Namibia’s current account deficit deteriorated to 14.1% of GDP in 2015, from 8.9% in 2013, and well above the BBB category median of 1.3%. However, much of the deficit has been financed by external borrowing from parent mining companies, reducing external vulnerabilities, reported Fitch.

Merchandise exports should start to grow in the coming years, as big mining projects come online. Moreover, imports should fall as capital goods demand decreases (data for the first half of 2016 already shows a slowdown in all import categories). Fitch expects the current account deficit to narrow to 6.9% of GDP by 2018. Foreign exchange reserves increased to around 3.4 months of import cover by mid-2016, although this is still below the peer median of 5.7%.

Speaking at the Organisation of Eastern and Southern Africa Insurers (OESAI) annual conference in Swakopmund, the finance minister, the Honourable Calle Schlettwein, said there had been some misunderstanding around the rating action as the news broke.

He told delegates: “What is important is that Fitch affirmed the sovereign rating and investment rating, which is still an investment grade rating.
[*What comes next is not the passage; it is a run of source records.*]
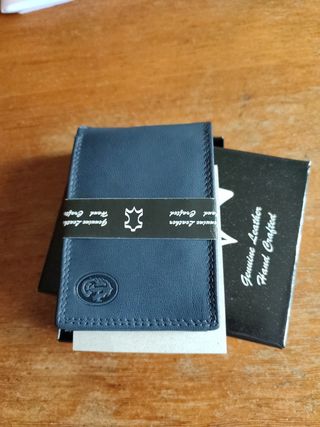 Cartera nueva de piel unisex pequeña con medidas 9,5cm largoy 7cm alto, ideal para bolsos pequeños y bolsillo. Nunca usada, está en su caja.
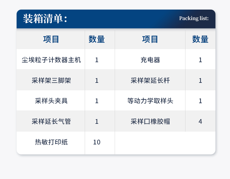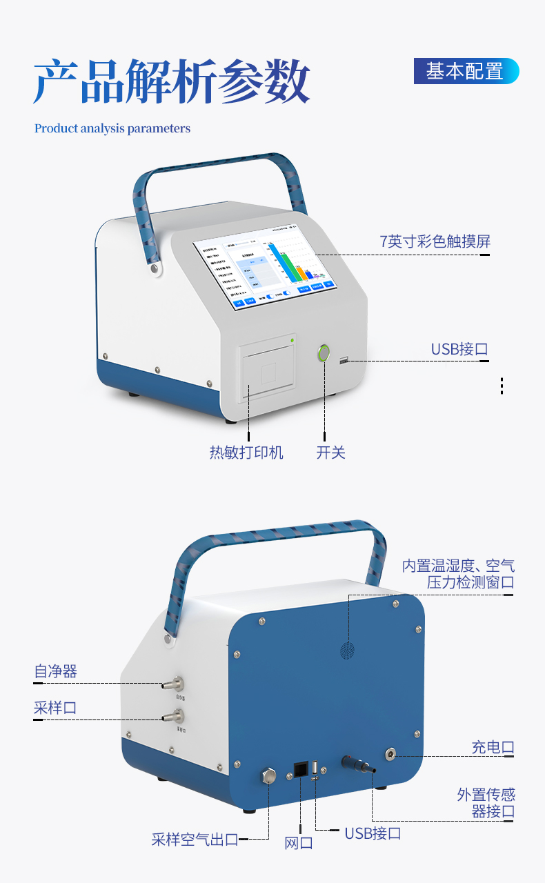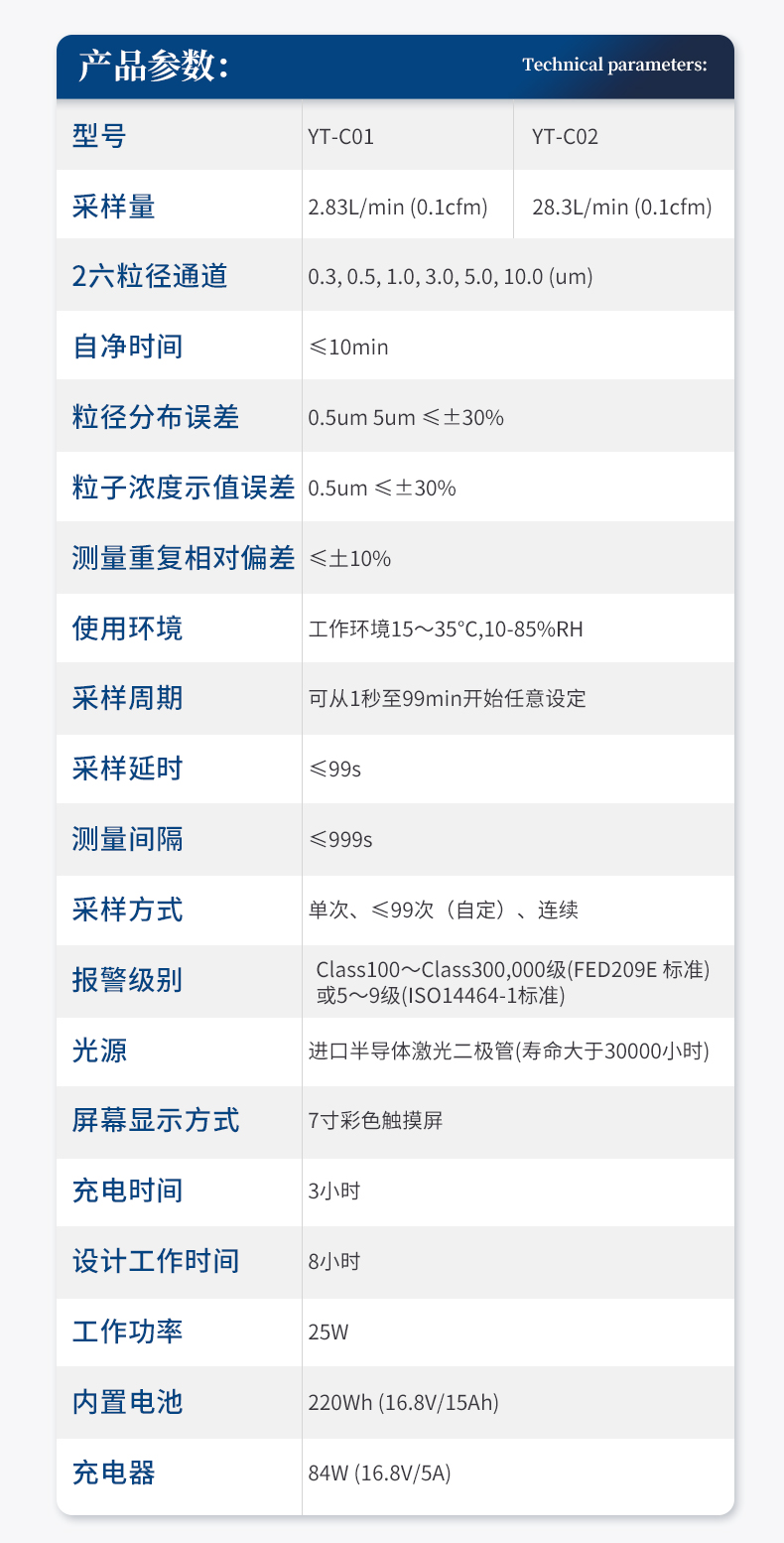 | 采樣量:2.83L/min (0.1cfm) | 六粒徑通道:0.3,0.5,1.0,3.0,5.0,10.0(μm) | 自凈時間:≤10min | 粒徑分布誤差:0.5um 5um ≤±30% | 粒子濃度示值誤差:0.5um ≤±30% | 測量重復相對偏差:≤±10% | 使用環境:工作環境15~35℃, 10-85%RH | 采樣周期:可從1秒至99min開始任意設定 | 采樣延時:≤99s | 測量間隔:≤999s | 采樣方式:單次、≤99次(自定)、連續 | 光源:進口半導體激光二極管(壽命大于30000小時) | 屏幕顯示方式:7寸彩色觸摸屏 | 數據內存容量:1--10萬條,可查詢,可導出。 | 充電時間:2小時 | 設計工作時間:8小時 | 平均功率:7.5W | 內置電池:74Wh(16.8V/5Ah) | 充電器:50W(16.8V/3A) |
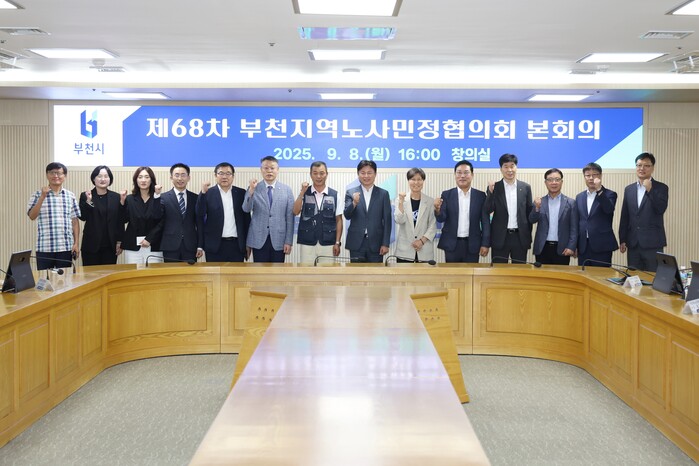 경기 부천시가 2026년도 생활임금을 올해보다 1.68% 인상된 금액인 시급 1만2140원으로 결정했다. 2026년도 생활임금은 부천시 생활임금위원회의 논의와 합의를 거쳐 지난 8일 열린 ‘제68차 부천지역노사민정협의회’에서 최종 결정됐으며, 10일 고시됐다. 사진은 ‘제68차 부천지역노사민정협의회’ 본회의에 참석한 조용익 시장(왼쪽 여덟 번째)이 참석자들과 기념촬영을 하고 있는 모습. (사진=부천시청 제공)
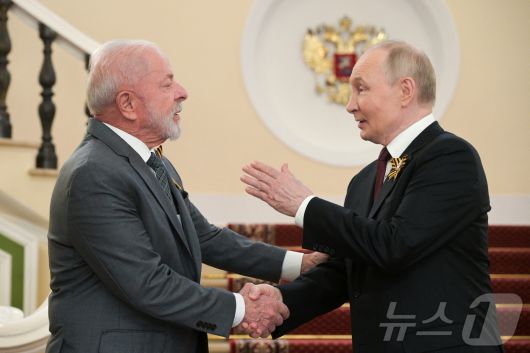 블라디미르 푸틴 러시아 대통령(오른쪽)과 루이스 이나시우 룰라 다시우바 브라질 대통령이 5월 모스크바에서 정상회담했다. 2025.05.09 ⓒ 로이터=뉴스1 ⓒ News1 이지예 객원기자 |
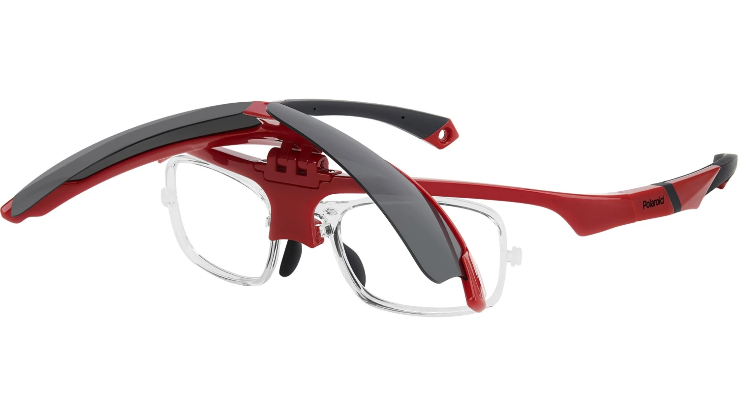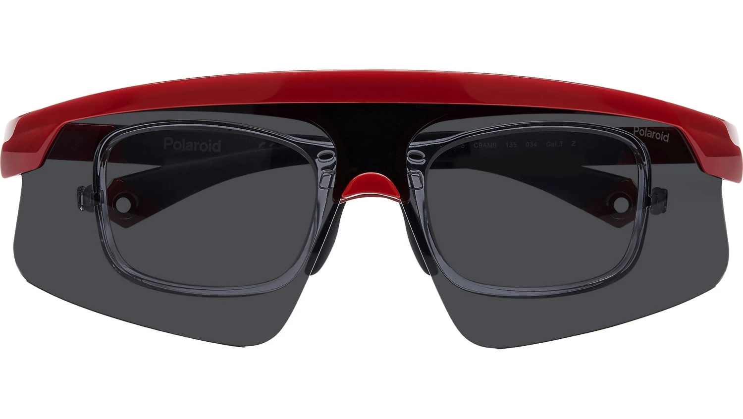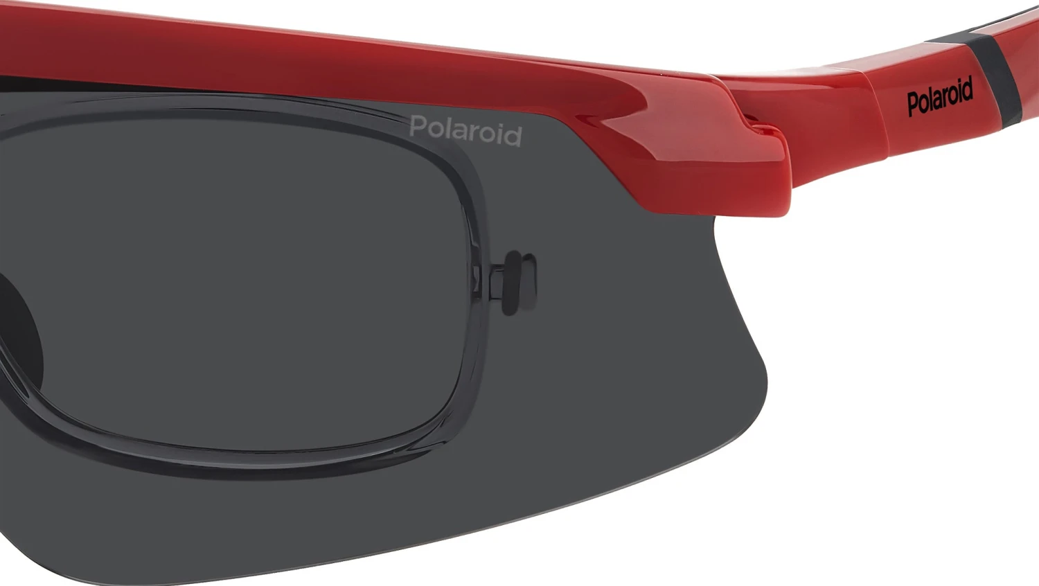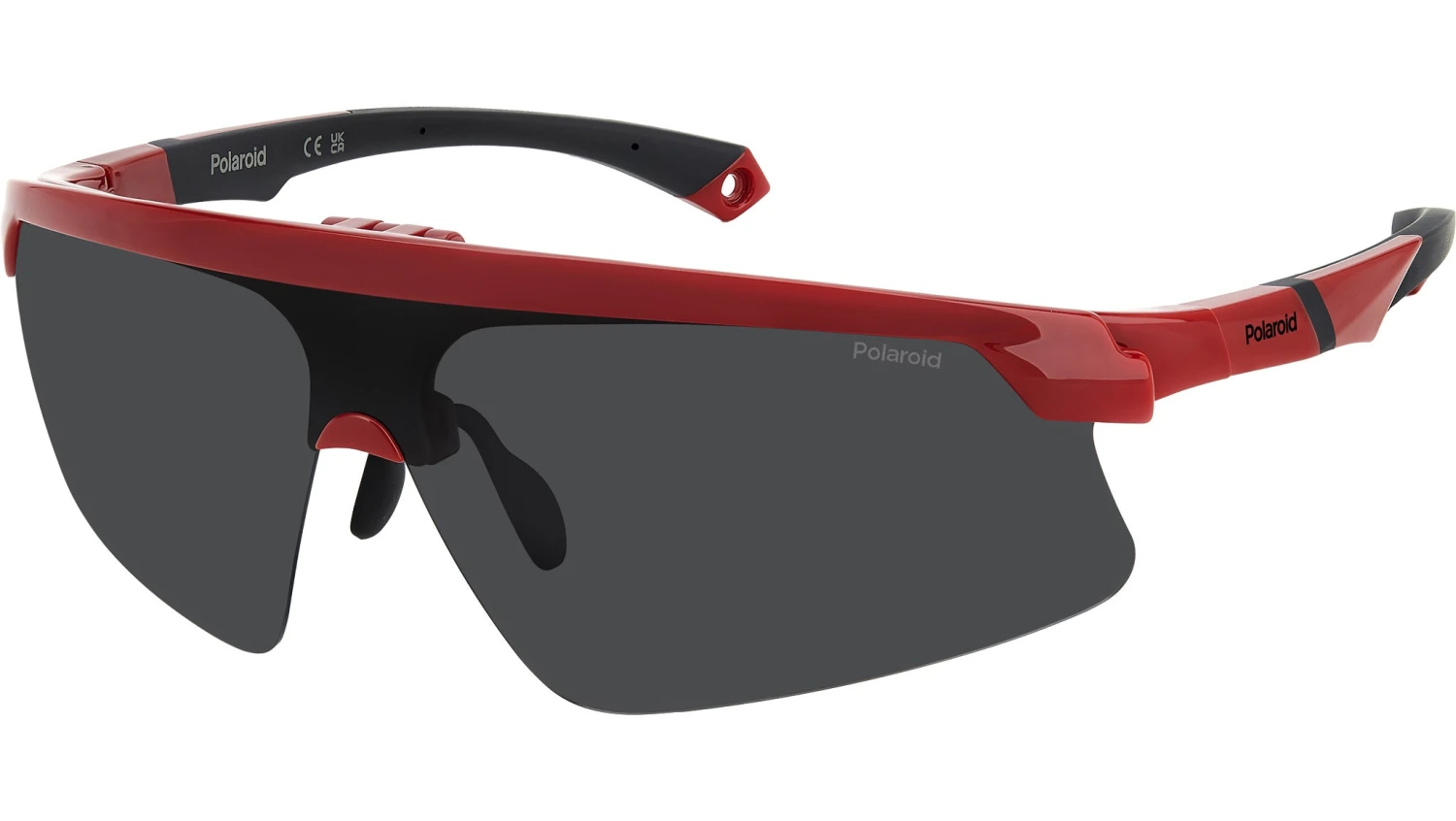 Polaroid PLD 7056/CI/S C9A M9 sunglasses for men, featuring red rectangular polycarbonate frame and grey polarized lenses. These aerodynamic and high-tech Polaroid sunglasses ride one of the most up-to-date trends in sportswear today. They’re composed of a full-coverage frame which rests on rubberised nose pads and end tips for reliable grip. The sun lenses can be raised with a simple movement, revealing the optical lenses below. These glasses can be completed by an elastic strap, purchased separately, which conveniently fits into the openings on the end tips. Brand line: Active. Style code: 207377. Color code: C9A M9. Authorized Polaroid online reseller. Your glasses will include the original case and accessories and are covered by a 12-month global warranty.
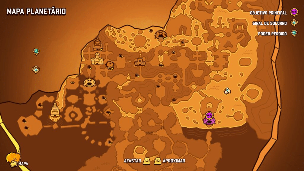 Comecemos pelas minhas dúvidas. Minishoot Adventures é um Metroidvania e, para começar, o mapa do mundo está praticamente vazio. Você pode explorar a área inicial, que por si só contém muitas cavernas e masmorras para se aventurar, mas também pode ir além dos limites do mapa e explorar diversas zonas adjacentes. O resultado foi que, depois de uma hora de jogo, me senti completamente perdido.
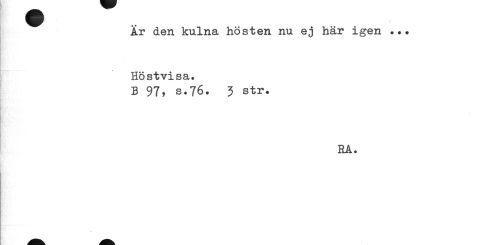//// Är den kulna hösten nu ej här igen ••• Höstvisa. //// B 97, s.76. 3 str. //// RA. ////
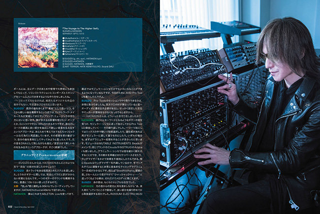 LUNA SEAやX JAPANのギタリスト&バイオリニストとしても活躍しているSUGIZOとモジュラー・シンセ界の雄HATAKENがタッグを組み、SUGIZO×HATAKEN名義での初のオリジナル・アルバム『The Voyage to The Higher Self』をリリース。2人のコラボレーションは、2020年に発表されたSUGIZOのソロ作『愛と調和』でも大きな成果を挙げたが、それを深化させたのが本作と言える。全7曲のアンビエントは、古来からインド哲学に伝わる、人の心身を整える7つのエネルギー"チャクラ"をモチーフとしつつ、SUGIZOの過去2枚のアルバム『音』『愛と調和』の収録曲を解体/再構築したもの。聴きどころは、モジュラー・シンセを通し新たな生命が付されたギター・サウンドだ。ミキシングを手掛けたスタジオ・サウンド・ダリの大野順平氏を交え、SUGIZOのART TERROR STUDIOで話を聞く。

The word downgrade has been misused, or misunderstood. It is not a downgrade but a change in outlook from stable to negative.

“As outlined by Fitch, it was based on a number of factors. Namibia does not operate in a vacuum and the current challenging global outlook, with depressed commodity prices and [the state of play for] our neighbours [all played a part].”

The minister assured delegates that the government was taking action, which he believed would strengthen Namibia’s position going forward.

He also pointed to the importance of financial services within the economy as a whole, saying insurance remains one of the key contributors to GPD and helps power economic growth, as well as provide employment.

Fitch said: “A major reform – the New Equitable Economic Empowerment Framework – was announced by the president at the beginning of the year and seeks to increase the involvement of previously disadvantaged citizens in the private sector. While lacking in details, it is likely that the law will be approved by parliament (although the Supreme Court might end up blocking it). This has caused some unease in the business community and could slow down foreign investment in manufacturing and services.”

The minister, Mr Schlettwein, also referred to the “unequal society we have in Namibia” and the need to increase access to insurance for the most vulnerable. He pointed to the success of Namib Re and said: “I see the insurance industry as a key partner with government but more can be done by the industry to promote itself.

“Insurance penetration rates in Africa remain very low – in some countries below 1%. This means the majority of people are still excluded from accessing insurance. The status quo has to be changed. Insurance companies have to offer more innovative products, targeting more groups, especially the low income groups,” he added.

Overall, however, he said: “With a large young population, Africa still holds the key to global growth prospects, which means any company that wants to survive and grow will be looking to Africa.”